§ **Exercise brief**
Copy word for word the lines in the records below, starting at the line with "This is a lovely" and ending at the line with "Грамота за 5". Skip the pictures.

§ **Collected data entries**
•••••

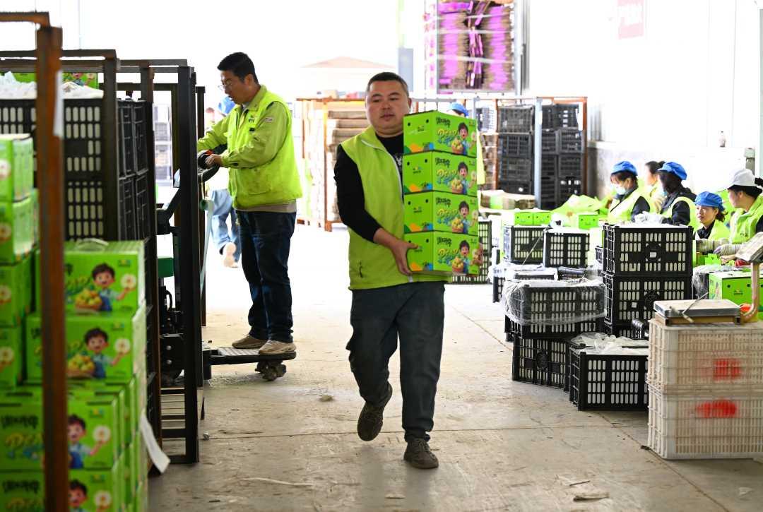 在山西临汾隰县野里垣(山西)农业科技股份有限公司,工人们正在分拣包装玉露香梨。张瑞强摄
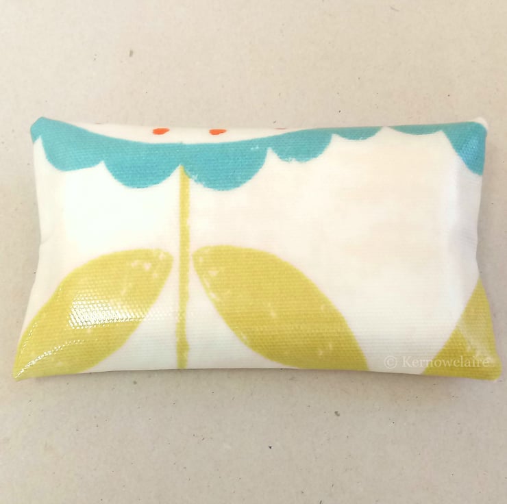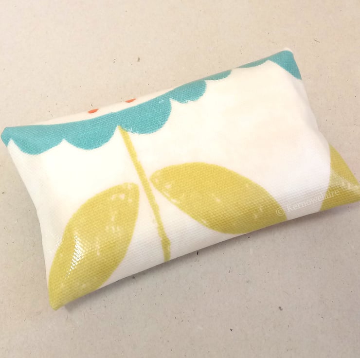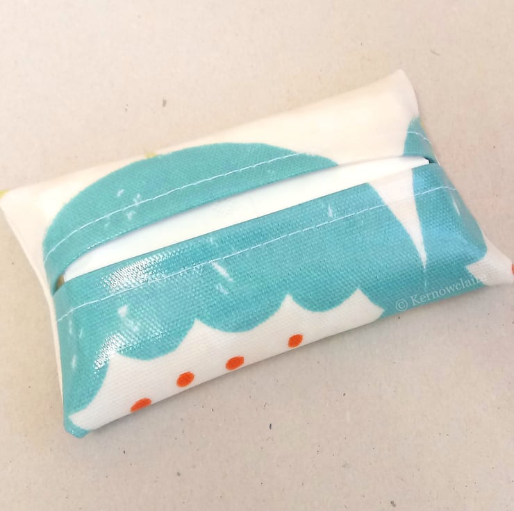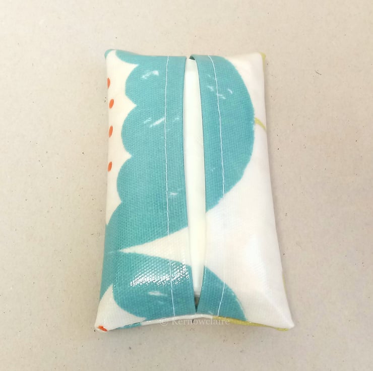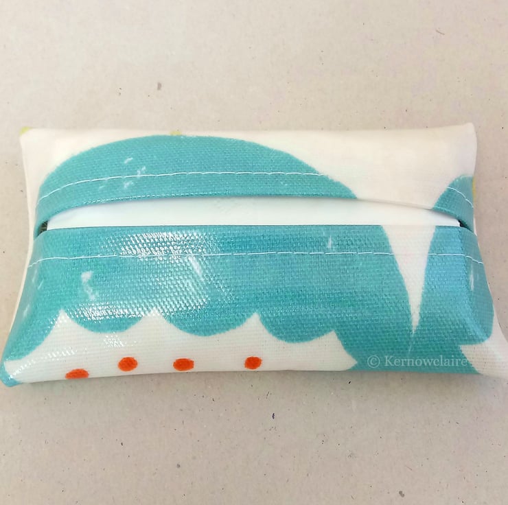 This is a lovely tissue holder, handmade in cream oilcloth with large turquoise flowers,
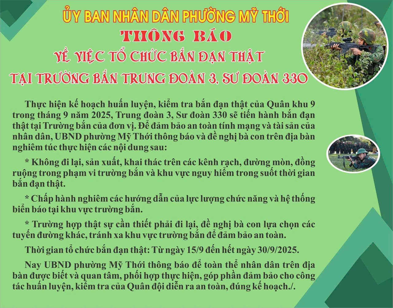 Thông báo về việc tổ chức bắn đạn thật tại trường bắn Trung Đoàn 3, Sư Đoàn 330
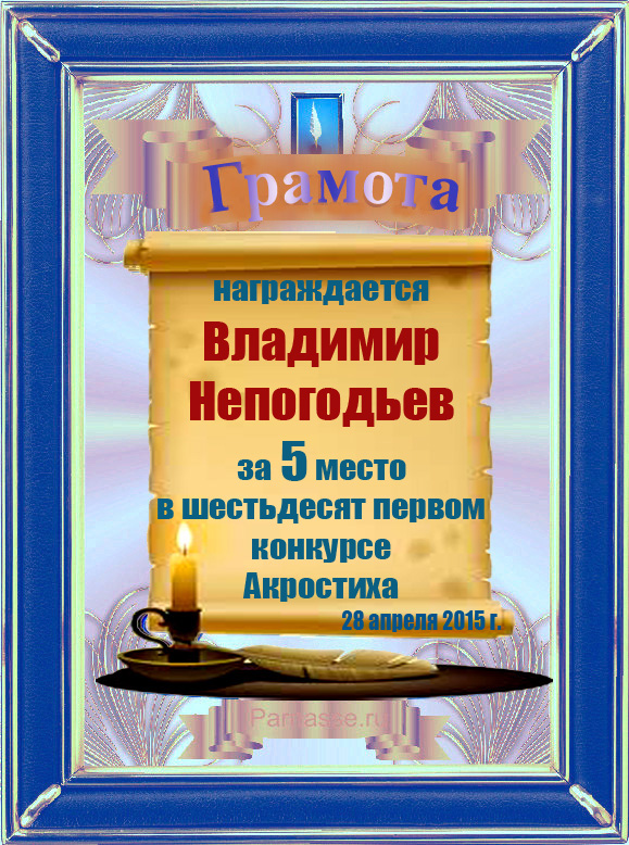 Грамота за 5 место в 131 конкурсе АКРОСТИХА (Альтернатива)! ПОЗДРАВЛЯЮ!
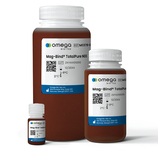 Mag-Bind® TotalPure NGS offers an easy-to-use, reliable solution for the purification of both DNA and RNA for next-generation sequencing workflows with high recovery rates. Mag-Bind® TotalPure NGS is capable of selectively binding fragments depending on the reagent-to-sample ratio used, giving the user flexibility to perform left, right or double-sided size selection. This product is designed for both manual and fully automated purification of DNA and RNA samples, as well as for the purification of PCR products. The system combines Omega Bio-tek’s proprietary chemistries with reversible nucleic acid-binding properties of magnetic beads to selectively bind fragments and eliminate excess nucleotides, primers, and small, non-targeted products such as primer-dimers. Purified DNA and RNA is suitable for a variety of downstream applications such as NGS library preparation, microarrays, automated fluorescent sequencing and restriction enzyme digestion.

•••••

§ **Answer box**
 This is a lovely tissue holder, handmade in cream oilcloth with large turquoise flowers,
 Thông báo về việc tổ chức bắn đạn thật tại trường bắn Trung Đoàn 3, Sư Đoàn 330
 Грамота за 5 место в 131 конкурсе АКРОСТИХА (Альтернатива)! ПОЗДРАВЛЯЮ!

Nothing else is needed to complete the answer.